▸ Data records
□ □ □ □ □

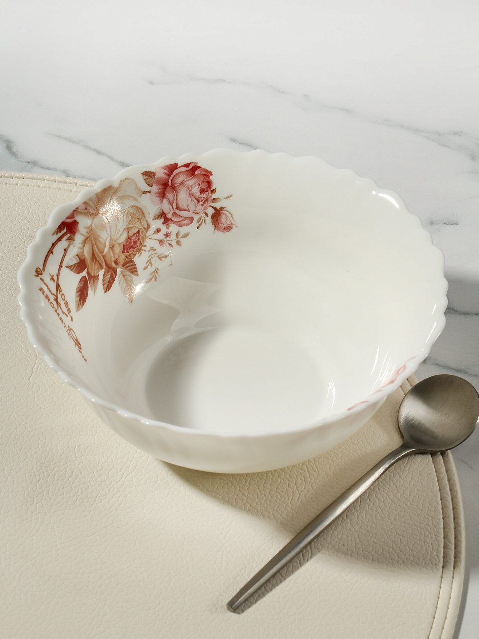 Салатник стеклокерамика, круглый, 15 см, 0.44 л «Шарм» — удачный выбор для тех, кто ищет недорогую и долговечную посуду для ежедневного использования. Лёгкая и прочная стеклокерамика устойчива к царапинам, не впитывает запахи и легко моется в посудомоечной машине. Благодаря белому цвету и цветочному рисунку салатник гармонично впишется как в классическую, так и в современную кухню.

□ □ □ □ □

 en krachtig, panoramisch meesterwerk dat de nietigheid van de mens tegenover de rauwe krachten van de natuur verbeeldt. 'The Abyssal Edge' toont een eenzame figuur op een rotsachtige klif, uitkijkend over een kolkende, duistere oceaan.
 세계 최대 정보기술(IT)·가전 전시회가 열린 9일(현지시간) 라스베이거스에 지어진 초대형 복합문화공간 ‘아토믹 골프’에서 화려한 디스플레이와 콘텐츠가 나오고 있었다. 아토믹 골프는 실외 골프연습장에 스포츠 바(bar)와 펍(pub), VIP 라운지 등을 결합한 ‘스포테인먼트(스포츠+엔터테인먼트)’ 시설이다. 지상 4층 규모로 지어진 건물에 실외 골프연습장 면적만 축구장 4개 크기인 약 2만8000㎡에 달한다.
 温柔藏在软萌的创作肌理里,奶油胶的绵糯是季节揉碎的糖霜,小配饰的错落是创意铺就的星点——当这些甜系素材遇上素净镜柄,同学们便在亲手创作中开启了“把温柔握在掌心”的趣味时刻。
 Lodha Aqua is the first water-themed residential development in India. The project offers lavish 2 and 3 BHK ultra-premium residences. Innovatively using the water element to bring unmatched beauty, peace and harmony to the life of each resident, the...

□ □ □ □ □

▸ Task directions
Out of the data above, give again only the lines starting at the one holding "세계 최대 정보기술(IT)·가전" and ending at the one holding "温柔藏在软萌的创作肌理里,奶", unchanged.

▸ Response to the task
 세계 최대 정보기술(IT)·가전 전시회가 열린 9일(현지시간) 라스베이거스에 지어진 초대형 복합문화공간 ‘아토믹 골프’에서 화려한 디스플레이와 콘텐츠가 나오고 있었다. 아토믹 골프는 실외 골프연습장에 스포츠 바(bar)와 펍(pub), VIP 라운지 등을 결합한 ‘스포테인먼트(스포츠+엔터테인먼트)’ 시설이다. 지상 4층 규모로 지어진 건물에 실외 골프연습장 면적만 축구장 4개 크기인 약 2만8000㎡에 달한다.
 温柔藏在软萌的创作肌理里,奶油胶的绵糯是季节揉碎的糖霜,小配饰的错落是创意铺就的星点——当这些甜系素材遇上素净镜柄,同学们便在亲手创作中开启了“把温柔握在掌心”的趣味时刻。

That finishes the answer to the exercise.